• Required action:
From the line containing "-在线聊天:与求职者在线沟通,对求职者有个初步印象" to the line containing "Woman's Outerspace Astronaut" in the entries below, reproduce every line exactly, ends included. Nothing else belongs in the copy, and no pictures.

Dataset extract: Begin

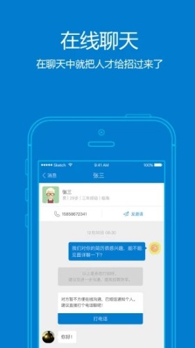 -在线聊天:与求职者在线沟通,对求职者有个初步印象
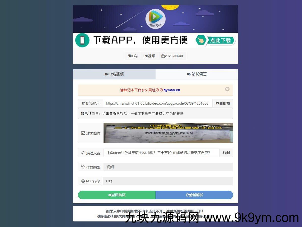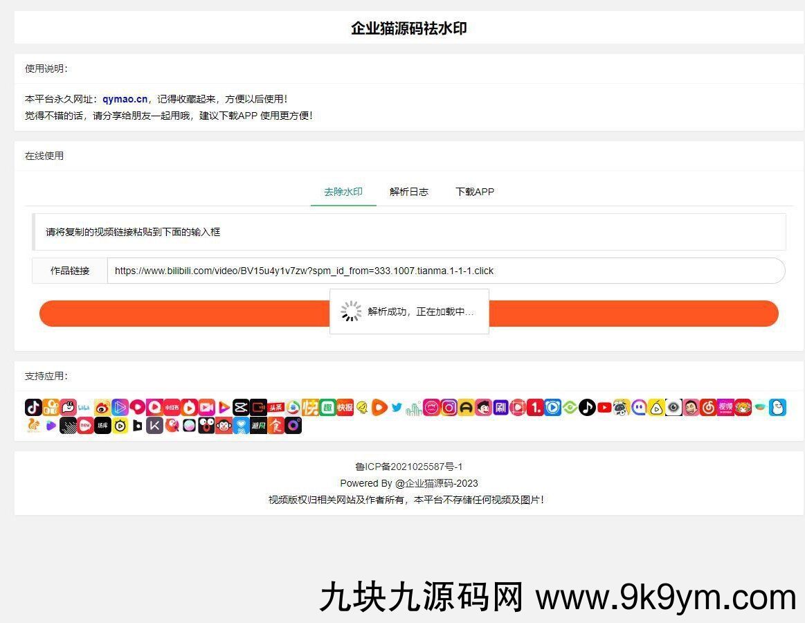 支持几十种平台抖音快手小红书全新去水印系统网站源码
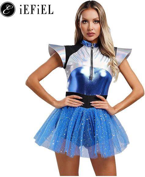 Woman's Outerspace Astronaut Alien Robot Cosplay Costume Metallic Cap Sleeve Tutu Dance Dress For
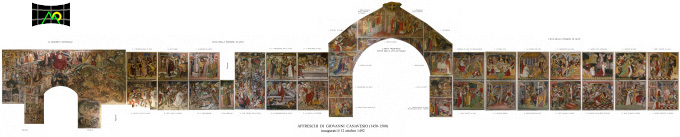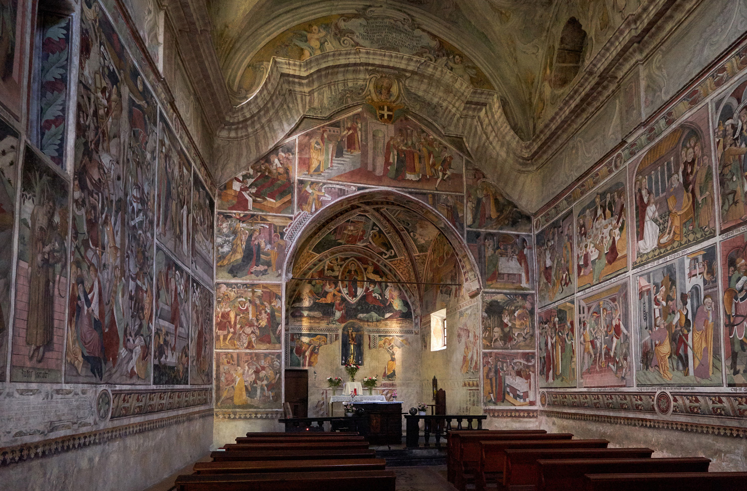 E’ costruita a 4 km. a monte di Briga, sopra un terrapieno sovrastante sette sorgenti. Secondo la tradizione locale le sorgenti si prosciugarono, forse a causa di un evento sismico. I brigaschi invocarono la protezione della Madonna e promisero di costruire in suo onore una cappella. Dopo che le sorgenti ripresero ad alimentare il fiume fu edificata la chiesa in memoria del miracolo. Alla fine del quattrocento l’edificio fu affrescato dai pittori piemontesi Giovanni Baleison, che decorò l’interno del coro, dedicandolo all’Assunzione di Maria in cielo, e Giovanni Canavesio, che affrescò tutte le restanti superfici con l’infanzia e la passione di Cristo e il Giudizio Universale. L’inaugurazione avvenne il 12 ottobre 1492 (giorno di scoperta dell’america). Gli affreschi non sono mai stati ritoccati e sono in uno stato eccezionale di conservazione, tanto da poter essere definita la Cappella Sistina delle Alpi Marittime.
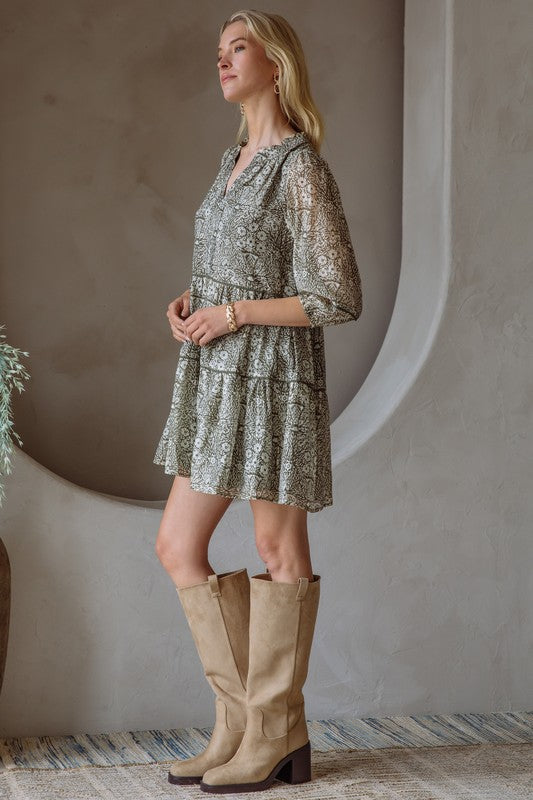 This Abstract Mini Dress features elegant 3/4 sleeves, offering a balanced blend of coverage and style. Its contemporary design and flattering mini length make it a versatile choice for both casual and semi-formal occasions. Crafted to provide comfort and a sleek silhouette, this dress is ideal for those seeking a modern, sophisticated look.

Dataset extract: End
Dataset extract: Begin

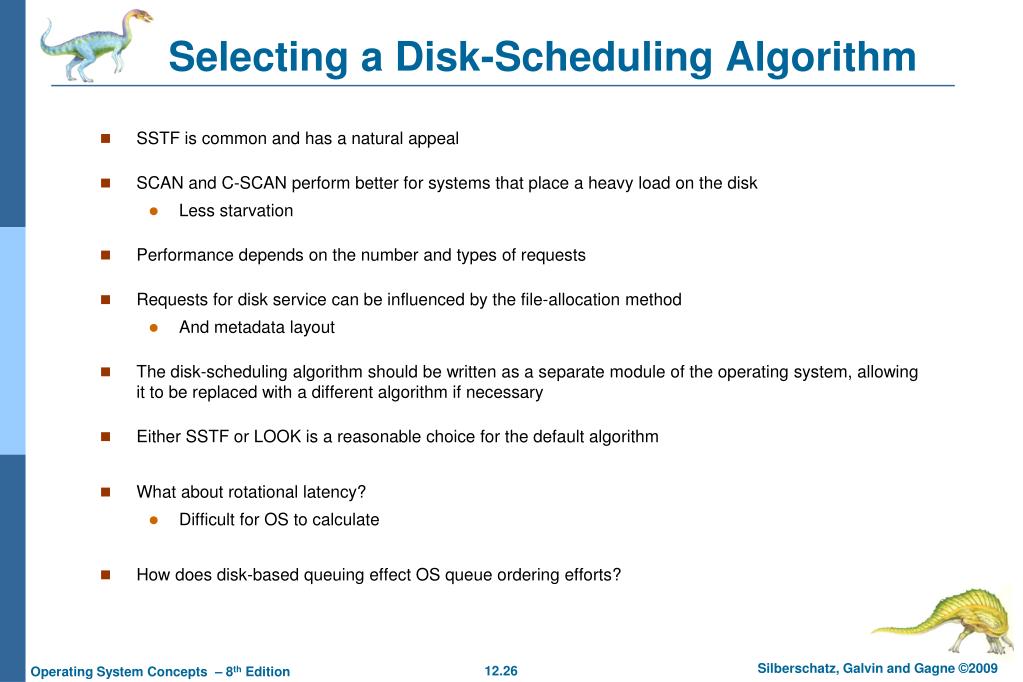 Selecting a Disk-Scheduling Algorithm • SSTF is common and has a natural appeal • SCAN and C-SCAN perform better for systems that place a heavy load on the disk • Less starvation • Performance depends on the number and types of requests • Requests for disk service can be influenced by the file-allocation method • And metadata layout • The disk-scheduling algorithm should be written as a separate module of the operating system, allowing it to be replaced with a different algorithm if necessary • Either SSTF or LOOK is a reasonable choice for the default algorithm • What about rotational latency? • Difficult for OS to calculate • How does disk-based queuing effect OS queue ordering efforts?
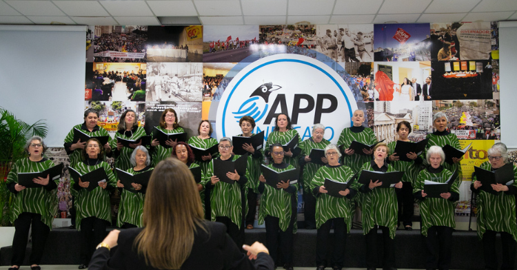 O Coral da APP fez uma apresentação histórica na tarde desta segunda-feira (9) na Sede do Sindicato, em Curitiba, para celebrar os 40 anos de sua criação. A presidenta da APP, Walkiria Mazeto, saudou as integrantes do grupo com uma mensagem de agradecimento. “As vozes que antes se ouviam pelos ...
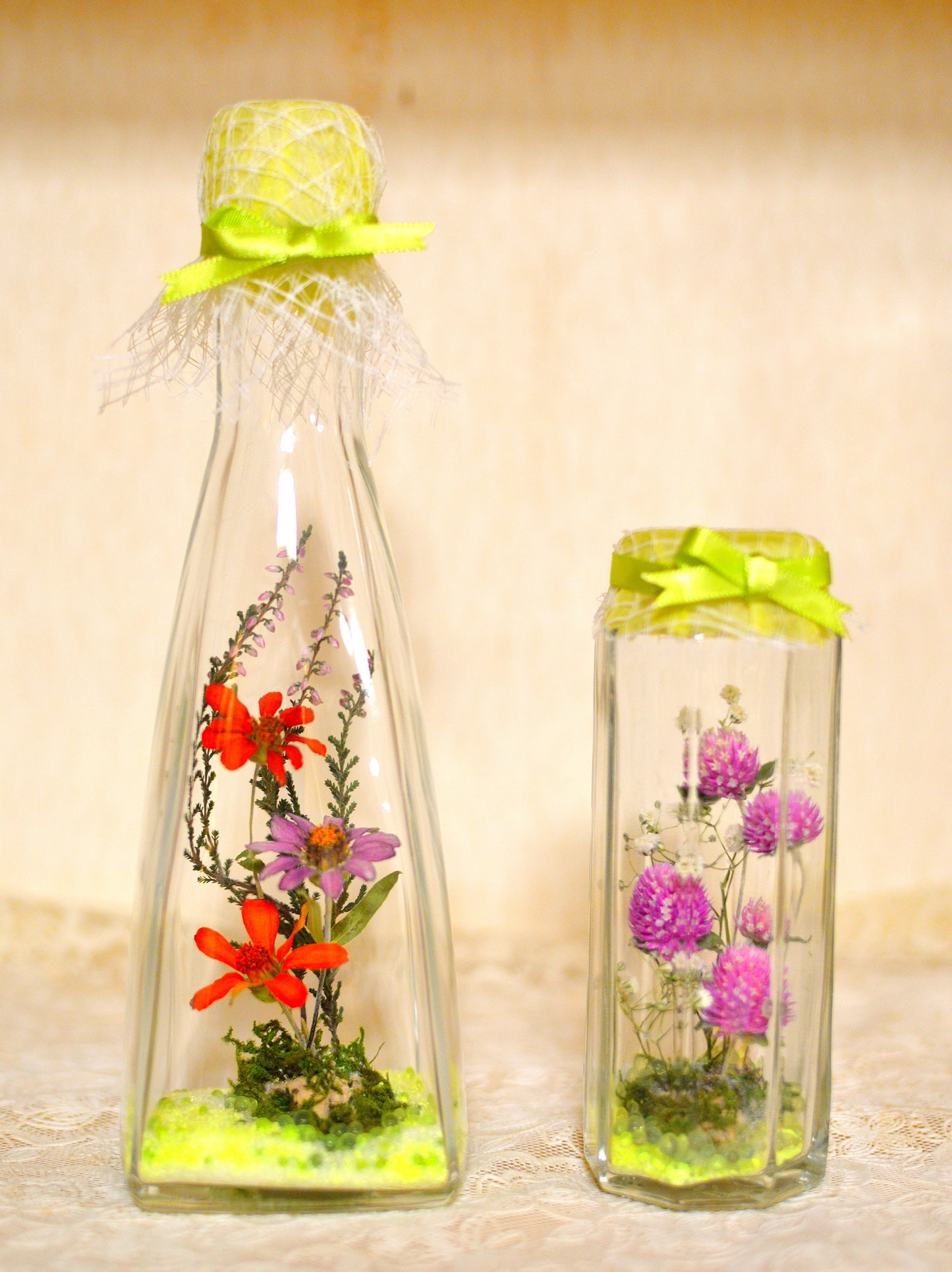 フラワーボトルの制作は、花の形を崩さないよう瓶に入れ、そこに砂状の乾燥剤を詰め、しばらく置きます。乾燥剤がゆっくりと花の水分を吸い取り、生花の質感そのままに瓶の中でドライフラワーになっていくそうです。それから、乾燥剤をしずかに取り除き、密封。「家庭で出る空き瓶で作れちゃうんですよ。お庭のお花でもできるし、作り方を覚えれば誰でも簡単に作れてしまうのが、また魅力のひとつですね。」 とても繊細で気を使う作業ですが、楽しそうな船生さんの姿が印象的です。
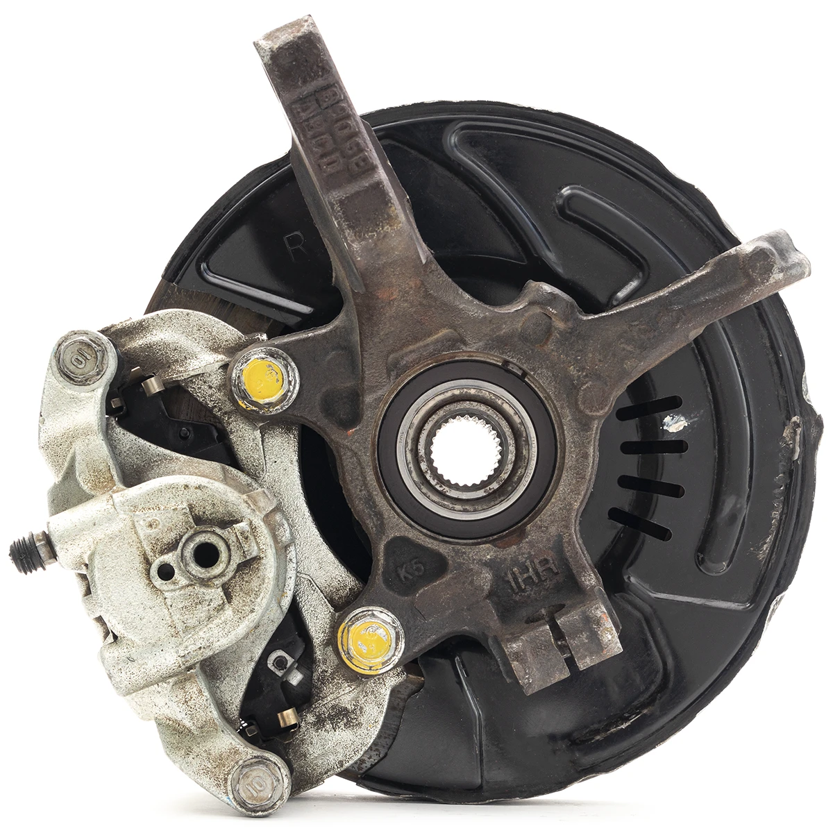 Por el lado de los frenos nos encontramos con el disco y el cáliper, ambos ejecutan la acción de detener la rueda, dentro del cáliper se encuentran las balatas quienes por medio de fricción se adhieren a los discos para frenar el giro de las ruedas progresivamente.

Dataset extract: End

• Answer to this exercise:
 -在线聊天:与求职者在线沟通,对求职者有个初步印象
 支持几十种平台抖音快手小红书全新去水印系统网站源码
 Woman's Outerspace Astronaut Alien Robot Cosplay Costume Metallic Cap Sleeve Tutu Dance Dress For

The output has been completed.